How to complete this task
Copy exactly the lines of the data below, beginning with the line with "In the default" and ending with the line with "Get close-up confidence". Pictures are to be omitted.

Provided information
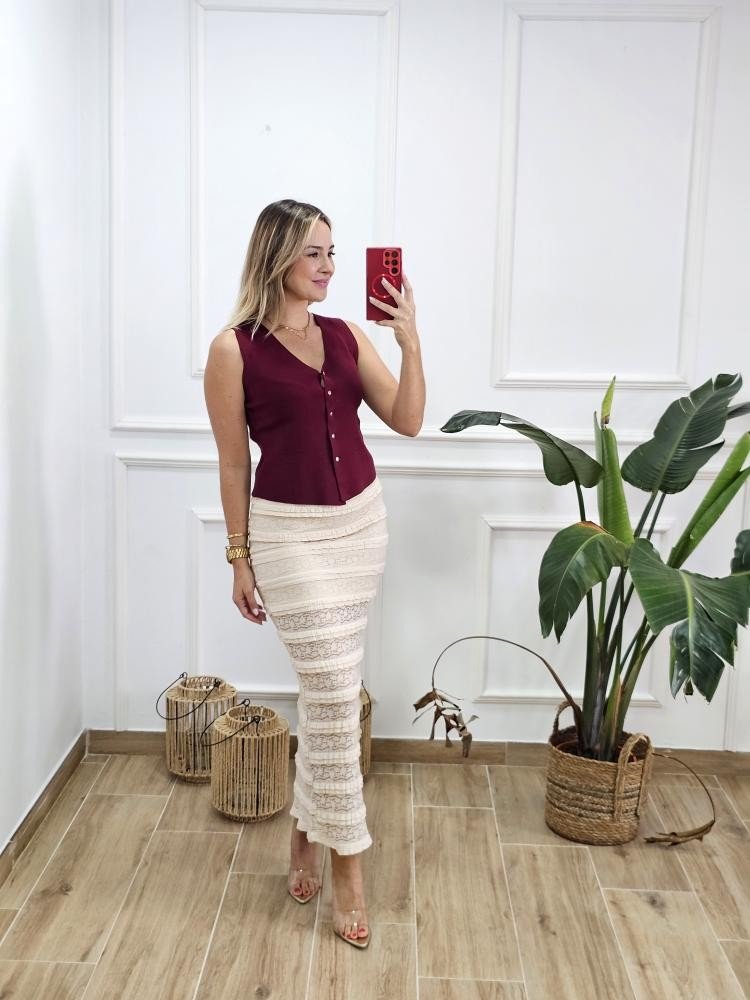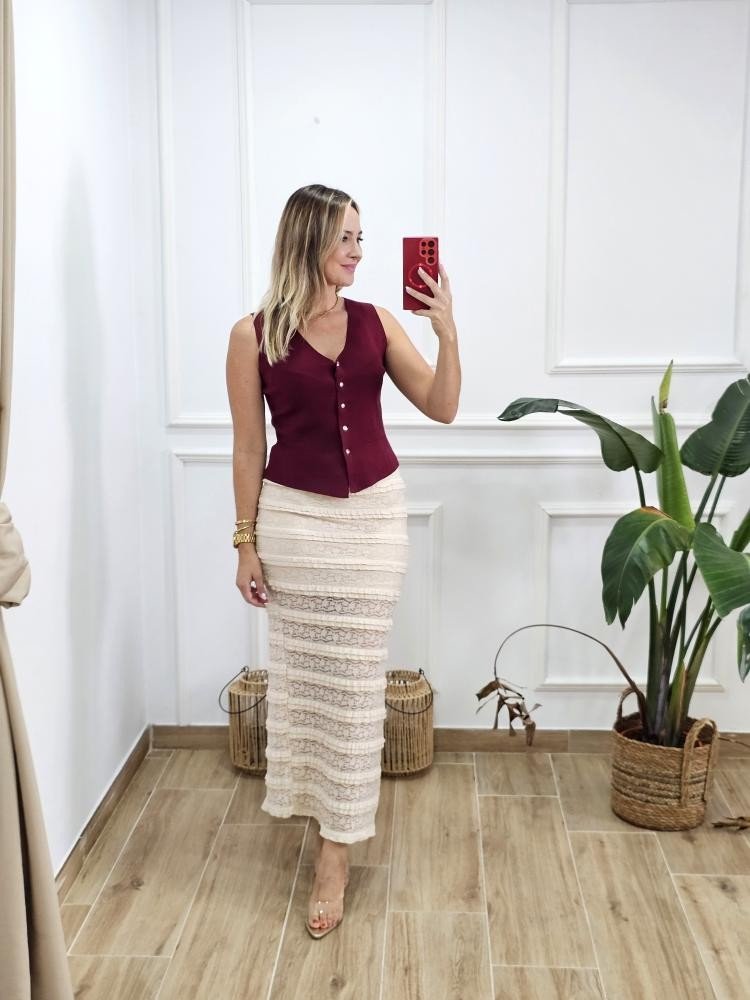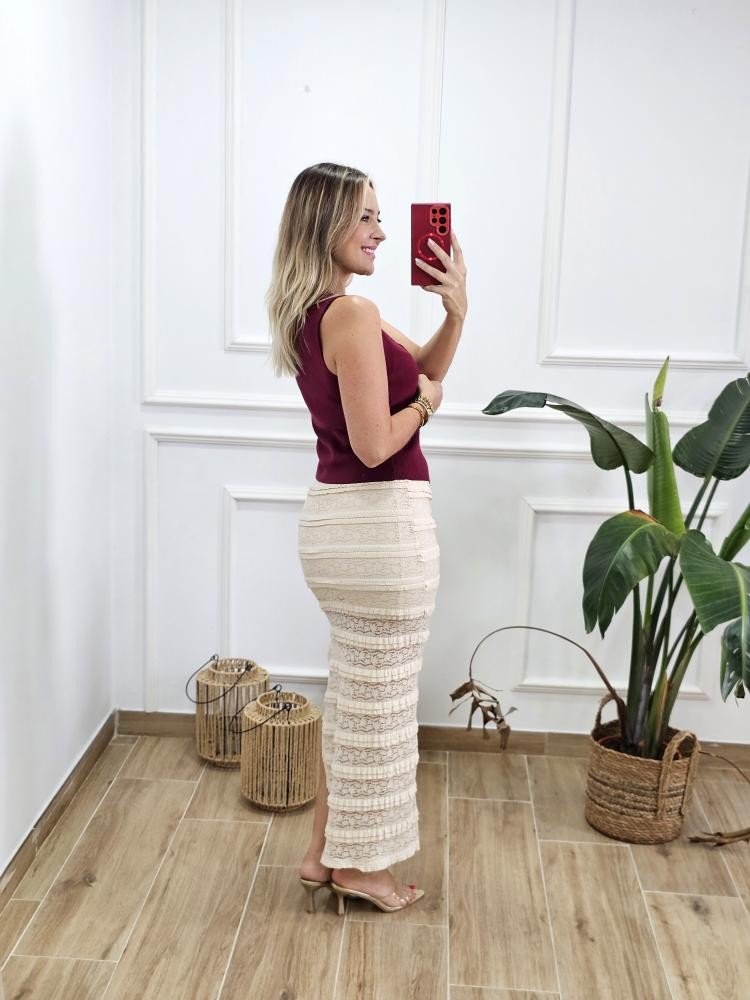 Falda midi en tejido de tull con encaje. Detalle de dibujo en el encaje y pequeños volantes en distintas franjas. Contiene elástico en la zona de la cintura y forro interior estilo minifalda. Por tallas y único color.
==
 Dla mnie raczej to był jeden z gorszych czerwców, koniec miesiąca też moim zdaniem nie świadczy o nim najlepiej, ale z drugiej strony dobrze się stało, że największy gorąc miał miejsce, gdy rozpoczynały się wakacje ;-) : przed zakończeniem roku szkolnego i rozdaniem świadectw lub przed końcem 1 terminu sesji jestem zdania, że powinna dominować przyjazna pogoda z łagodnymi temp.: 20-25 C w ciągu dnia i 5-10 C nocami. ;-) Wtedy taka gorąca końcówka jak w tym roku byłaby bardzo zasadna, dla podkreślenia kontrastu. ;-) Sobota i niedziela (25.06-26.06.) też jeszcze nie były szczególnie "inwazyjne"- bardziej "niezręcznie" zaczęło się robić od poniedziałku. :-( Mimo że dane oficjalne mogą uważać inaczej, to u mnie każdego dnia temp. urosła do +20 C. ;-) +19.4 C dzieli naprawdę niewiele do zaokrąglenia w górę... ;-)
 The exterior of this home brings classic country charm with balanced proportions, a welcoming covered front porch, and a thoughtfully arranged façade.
---
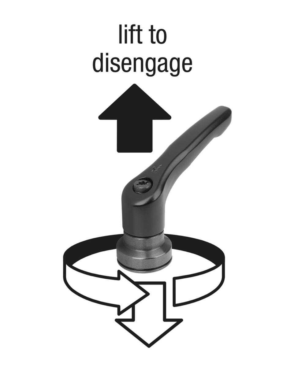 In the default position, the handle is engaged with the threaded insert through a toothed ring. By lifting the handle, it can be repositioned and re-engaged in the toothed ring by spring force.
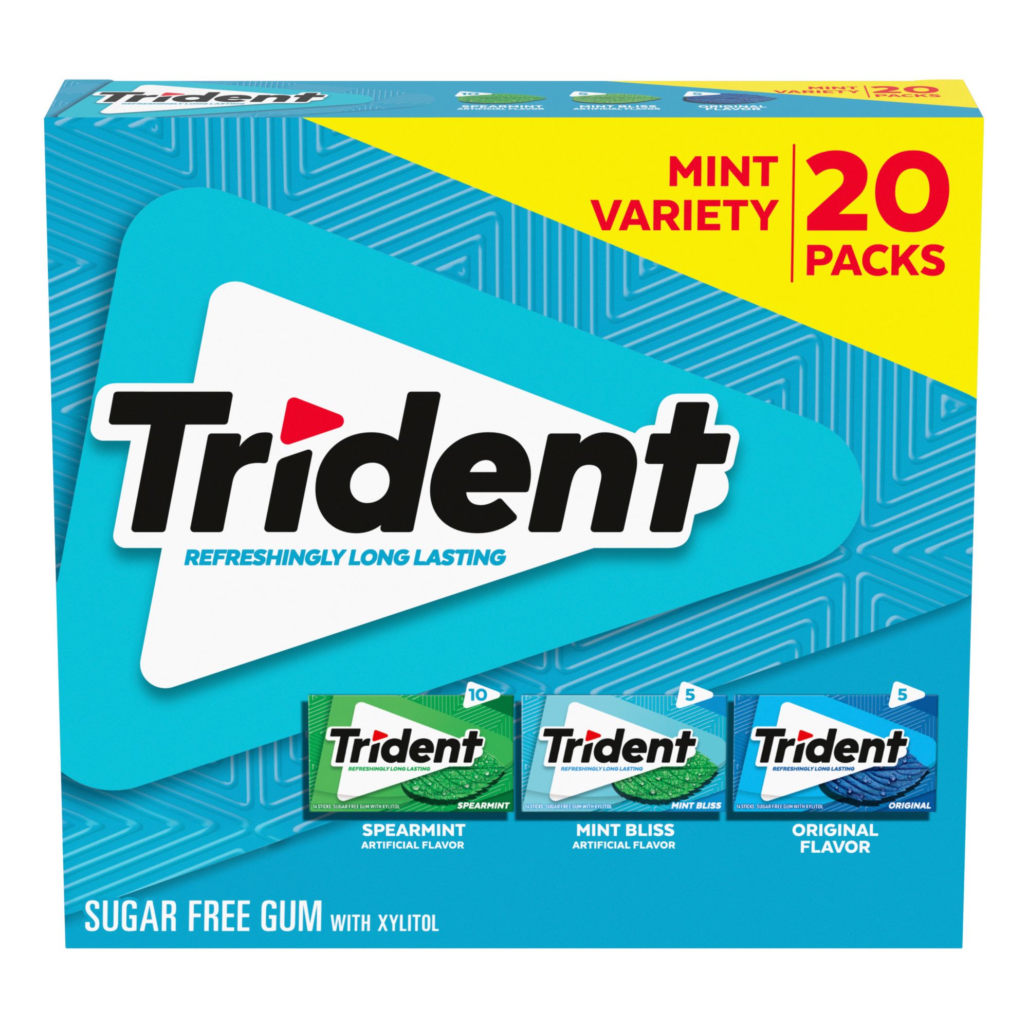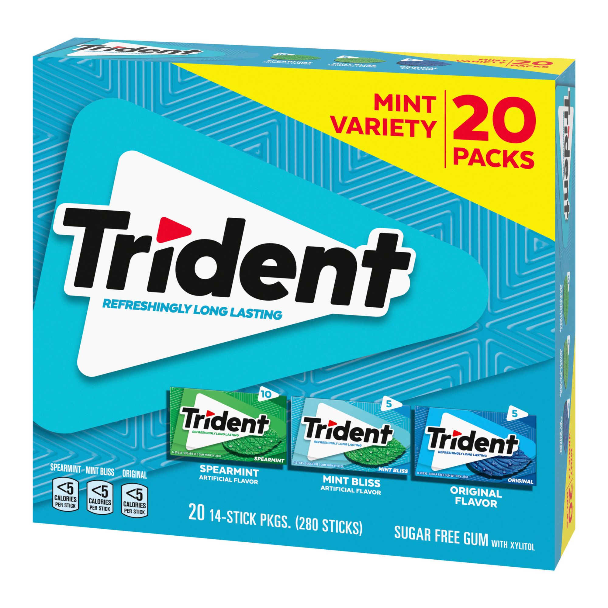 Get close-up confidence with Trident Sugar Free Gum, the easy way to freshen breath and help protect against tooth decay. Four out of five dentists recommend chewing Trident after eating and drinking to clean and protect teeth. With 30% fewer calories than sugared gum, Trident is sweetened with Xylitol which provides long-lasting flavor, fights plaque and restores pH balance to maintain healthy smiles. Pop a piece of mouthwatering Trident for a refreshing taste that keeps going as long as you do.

Your response
 In the default position, the handle is engaged with the threaded insert through a toothed ring. By lifting the handle, it can be repositioned and re-engaged in the toothed ring by spring force.
 Get close-up confidence with Trident Sugar Free Gum, the easy way to freshen breath and help protect against tooth decay. Four out of five dentists recommend chewing Trident after eating and drinking to clean and protect teeth. With 30% fewer calories than sugared gum, Trident is sweetened with Xylitol which provides long-lasting flavor, fights plaque and restores pH balance to maintain healthy smiles. Pop a piece of mouthwatering Trident for a refreshing taste that keeps going as long as you do.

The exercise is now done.